§ What this task involves
Word for word, write the lines below out again, with no pictures.

§ Data

----

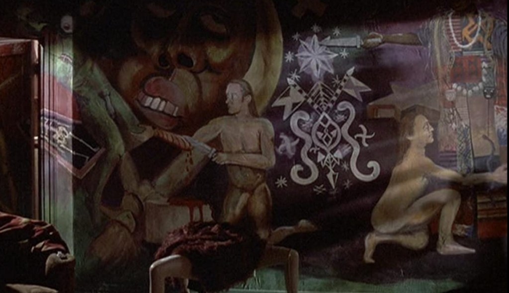 Quite the artiste, Charles Lee Ray painted elaborate murals on his walls. I guess security deposits don’t matter so much when you’re a dark wizard and serial murderer. Many images are of a naked (ick) Charles Lee Ray performing various bloody rituals.
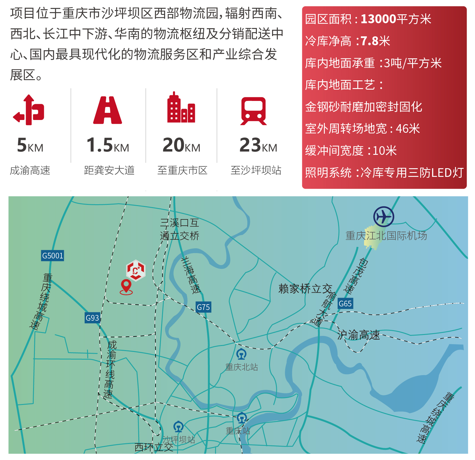 ?區(qū)位優(yōu)勢——項目位于重慶市沙坪壩區(qū)西部物流園,輻射西南、西北、長江中下游、華南的物流樞紐及分銷配送中心、國內最具現(xiàn)代化的物流服務區(qū)和產業(yè)綜合發(fā)展區(qū)。
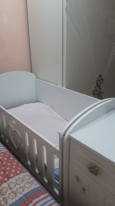 - Beşiyin içində uyğun ölçülü döşəkcə/parça örtük görünür.

----

§ Final answer
 Quite the artiste, Charles Lee Ray painted elaborate murals on his walls. I guess security deposits don’t matter so much when you’re a dark wizard and serial murderer. Many images are of a naked (ick) Charles Lee Ray performing various bloody rituals.
 ?區(qū)位優(yōu)勢——項目位于重慶市沙坪壩區(qū)西部物流園,輻射西南、西北、長江中下游、華南的物流樞紐及分銷配送中心、國內最具現(xiàn)代化的物流服務區(qū)和產業(yè)綜合發(fā)展區(qū)。
 - Beşiyin içində uyğun ölçülü döşəkcə/parça örtük görünür.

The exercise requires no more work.